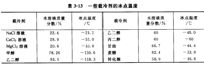 一些載冷劑的冰點溫度,可如表3-13所示。
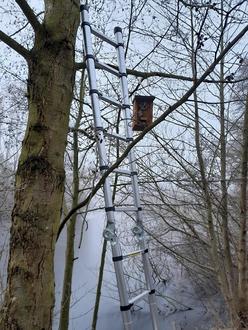 Viele Nistkästen, die im Frühjahr angeboten werden, sind nicht geeignet. Der Brutraum ist oft viel zu klein, die Grundfläche sollte mindestens 12 x 12 cm betragen, sonst wird es für die Kleinen schnell zu eng. Außerdem ist das Material häufig viel zu dünn und isoliert nicht bei Kälte oder bei Wärme. Wer einen geeigneten Kasten selber bauen möchte, der findet zum Beispiel eine gute Bauanleitung beim NABU. Wer sich das nicht zutraut, der kann sich einen fertigen Kasten kaufen. M. Aust empfiehlt aus eigener Erfahrung: „Schwegler Holzbeton Nistkästen“. Sie halten mindestens 20 Jahre und sind seit Jahrzehnten bewährt.
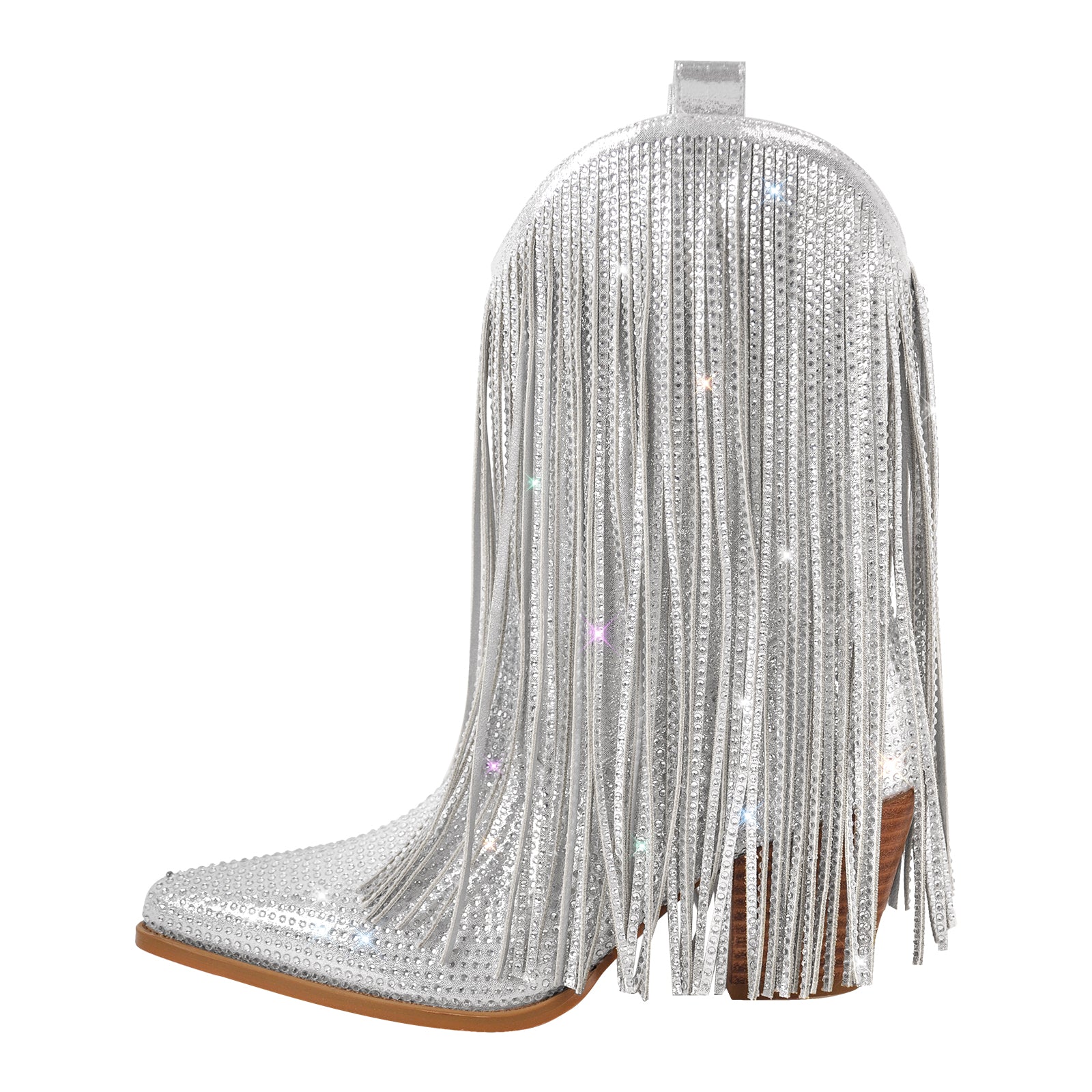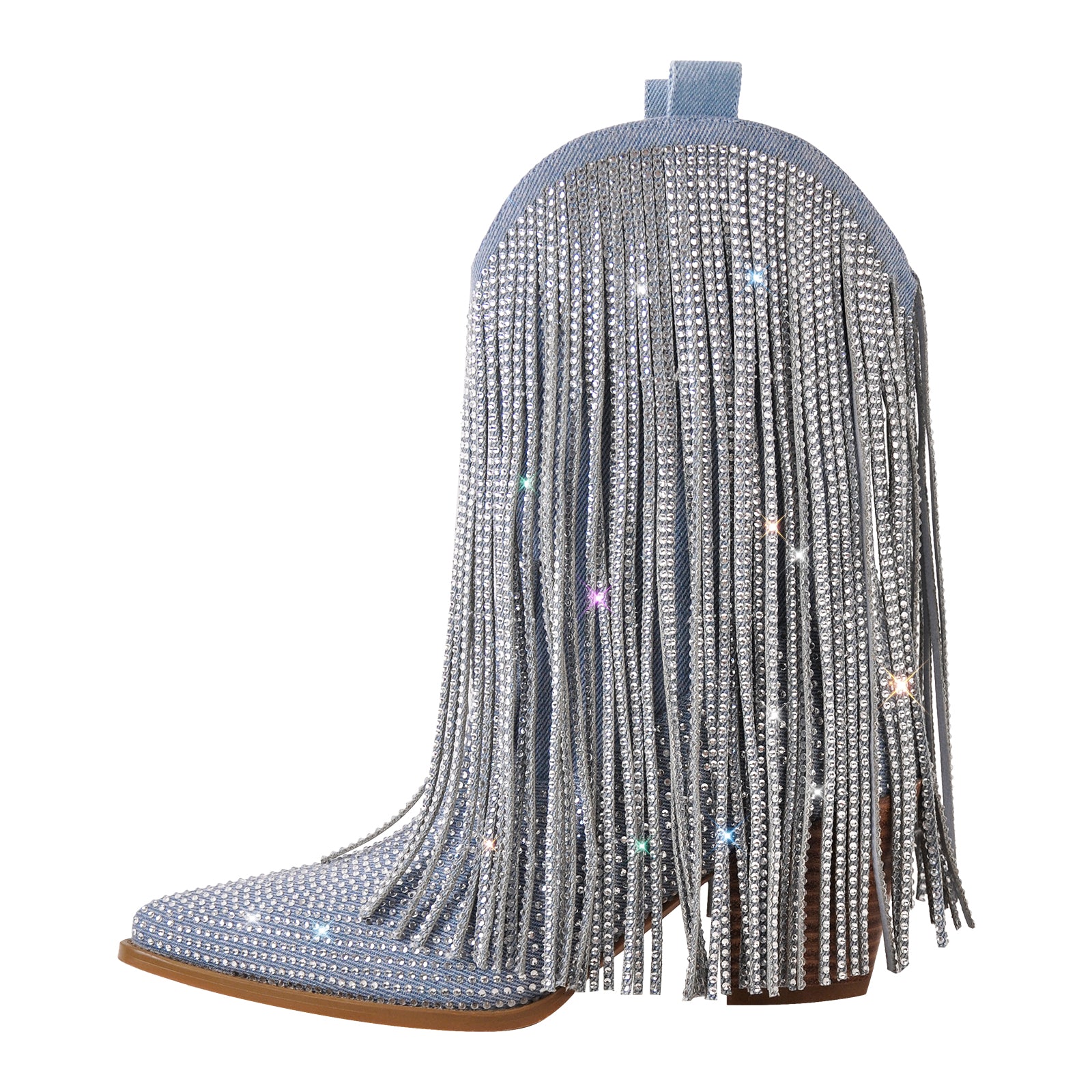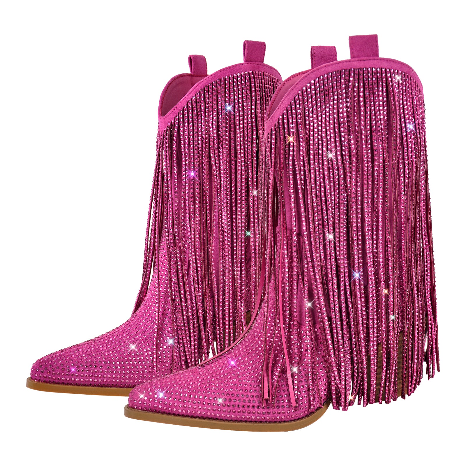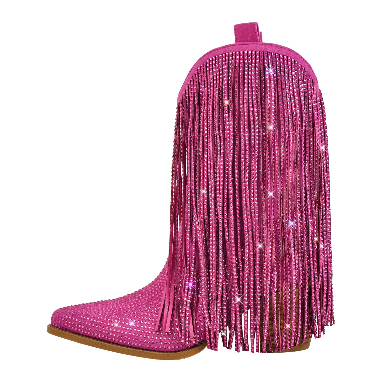 Rhinestone Pointed Toe Fringe Mid-Calf Western Boots
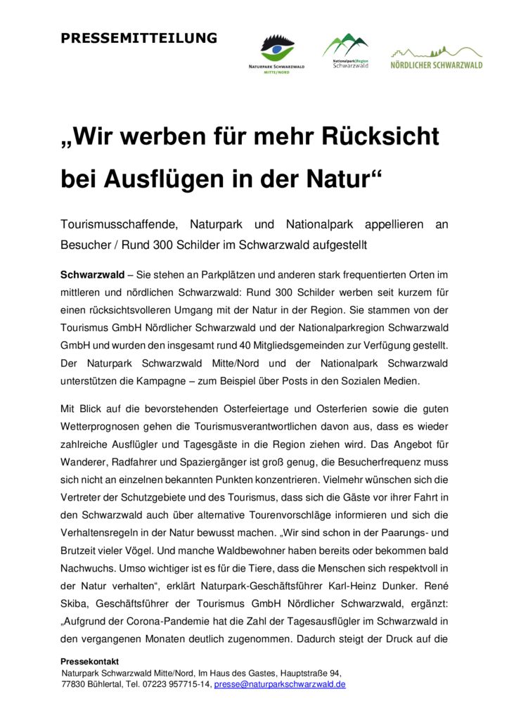 Natur und das führt stellenweise leider auch zu Problemen mit zurückgelassenem Müll oder nicht angeleinten Hunden in Schutzgebieten.“ Der Geschäftsführer der Nationalparkregion Schwarzwald, Patrick Schreib, stimmt zu: „Wir freuen uns, dass unsere Region immer beliebter wird und die Menschen sich nach mehr Natur sehnen. Wir wollen jedoch auch dafür werben, dass diese Ausflüge mit Respekt und Rücksicht auf die Natur gemacht werden.“

○ ○ ○ ○

#### Work instruction:
Take the lines from the one that contains "Rhinestone Pointed Toe" down to the last line of the listing above, both included, and set them down exactly, leaving out pictures.

#### Result for this exercise:
 Rhinestone Pointed Toe Fringe Mid-Calf Western Boots
 Natur und das führt stellenweise leider auch zu Problemen mit zurückgelassenem Müll oder nicht angeleinten Hunden in Schutzgebieten.“ Der Geschäftsführer der Nationalparkregion Schwarzwald, Patrick Schreib, stimmt zu: „Wir freuen uns, dass unsere Region immer beliebter wird und die Menschen sich nach mehr Natur sehnen. Wir wollen jedoch auch dafür werben, dass diese Ausflüge mit Respekt und Rücksicht auf die Natur gemacht werden.“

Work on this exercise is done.